Проснулся, когда рассвет только-только начал процарапываться сквозь мрак — розовый отблеск на сером небе, но его хватало, чтобы можно разглядеть тёмные силуэты людей и телег. Вдалеке, вверх по колонне, были слышны хриплые окрики.

— Подъём! Подъём!

Люди зашевелились. Послышались недовольное ворчание и чавкающие шаги по раскисшей земле. Огляделся: и вправду — снег за ночь тут и там подтаял, и из-под него виднелись проплешины сухой травы, а в некоторых местах целые клочки ещё насыщенной зелени, усыпанной мелкими разноцветными цветами. Некоторые из них тускло светились в утреннем полумраке.

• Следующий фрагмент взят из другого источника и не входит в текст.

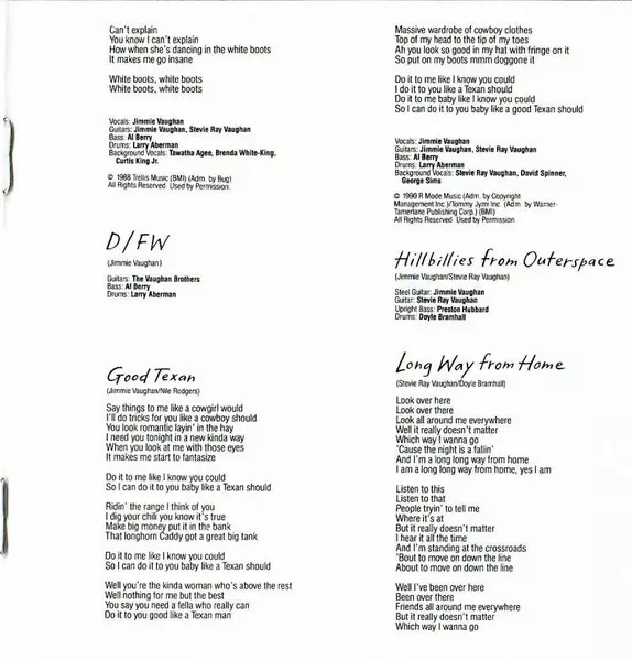 Backing Vocals Brenda White King, Curtis King, Tawatha | Bass Al Berry | Drums Larry Aberman | Guitar Stevie Ray Vaughan | Vocals, Guitar Jimmie Vaughan | Written-By Billy Swan, J. Leslie McFarland

В серо-розовом небе застыли перистые облака — не просто термин из метеорологии, а действительно, будто несколько волнистых перьев кто-то расстелил над бескрайней равниной.

Где-то далеко, там, куда уходила основная дорога, на вершине холма высилась сторожевая башня, и на ней горел огонь — сигнальный маяк. Насколько знал, огонь в таких башнях зажигали в случае беды, почему же горит сейчас?

Люди начали спрыгивать с повозок, недовольно перешёптываясь.

— Все внутренности себе отморозил, — гундел какой-то мужичок, потирая бока.

— Ну, слава духам, пережили ночь, — шептала женщина, склонившись над двумя маленькими девочками и поправляя тем платки. — Скоро… скоро приедем.

Тоже спрыгнул с телеги, толкнув спящего как сурок Ульфа, и принялся затаскивать наверх нашу поклажу. Сонное лицо гиганта показалось из-за ящика. Затем парень, как маленький мальчик, не раздумывая, спрыгнул грузным телом в слякотную грязь, разбросав во все стороны комья снега. Молча принялся помогать — погрузились довольно быстро.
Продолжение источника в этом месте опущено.